Shoe factories make much better shoes than an average person ever could. Car factories make much better cars than an average person ever could. Chair factories make much better chairs than an average person ever could. Why don’t food factories make much better food than an average person? This is a serious question. It feels like food production should have been outsourced to specialists long ago, and cooking at home should be, at most, a hobby. Why has this happened to shoes and chairs, but not food?
@miki One could argue food factories (restaurants) make much better food than an average person, but they don't scale very well. Still an interesting question why not.
@modulux Why are restaurants so expensive, compared to homemade meals, then? I don’t think that buying a chair from Ikea is much less economical than making one from scratch, I wouldn’t be surprised if it was cheaper. This is not the case with restaurants. I know why it happens, and taxes and overregulation are a much bigger part of the answer than evil, profit-seeking capitalists, especially in that industry, but why does this apply to restaurants specifically, but not furniture?
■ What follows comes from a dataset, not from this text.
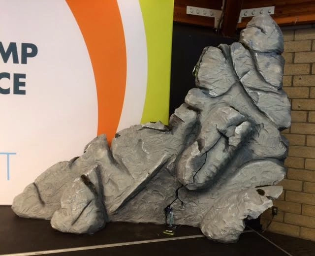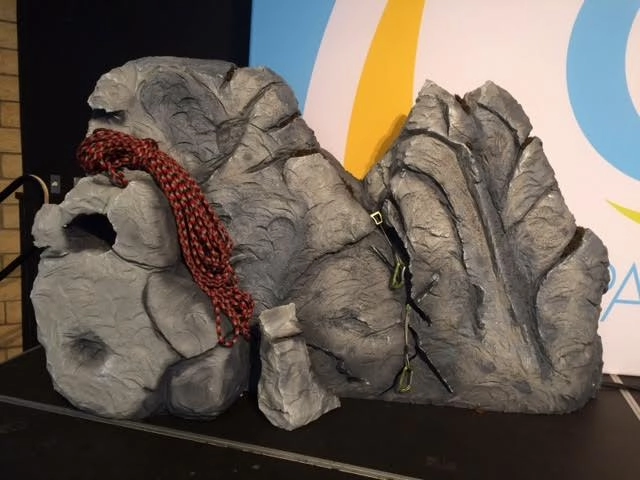 Rock Solid was the theme of the conference, so they needed some boulders! Having used Universal Foam Products for the past 4 years for all of their creative sculpting needs, they purchased 3 pieces of 1 lb density EPS 12” x 48” x 72” and used a hot knife and sculpting tool to do the carving. To give it dimension they hot glued chunks together. The eps foam rock formation turned out so well that, at the conference, they were asked do a seminar next year on sculpting with foam.

@modulux One interesting difference is that furniture, clothes and phones can be made mostly by machines and/or cheap labor abroad, while restaurants, by necessity, have to hire expensive, fussy employees in the city where they’re located, which causes them to price relatively to local prices, not global ones. Restaurants in San Francisco *need* to set higher prices than restaurants in a small town in Russia, because rent in California is more expensive than rent in Russia, and so Californians demand higher wages than Russians. The price, relative to your salary, will be roughly the same wherever you go, but the absolute price will be much different, just as your salary is much different depending on where you live. Phones and clothes don't have that problem, they can be manufactured exclusively where manufacturing is cheapest, and then sold at similar absolute, not salary-relative prices across the world.
@miki Mmm, that's true, and probably will remain true while food is perishable, so probably forever... We do have food prepared by machines but it has to last a lot, so that limits the quality.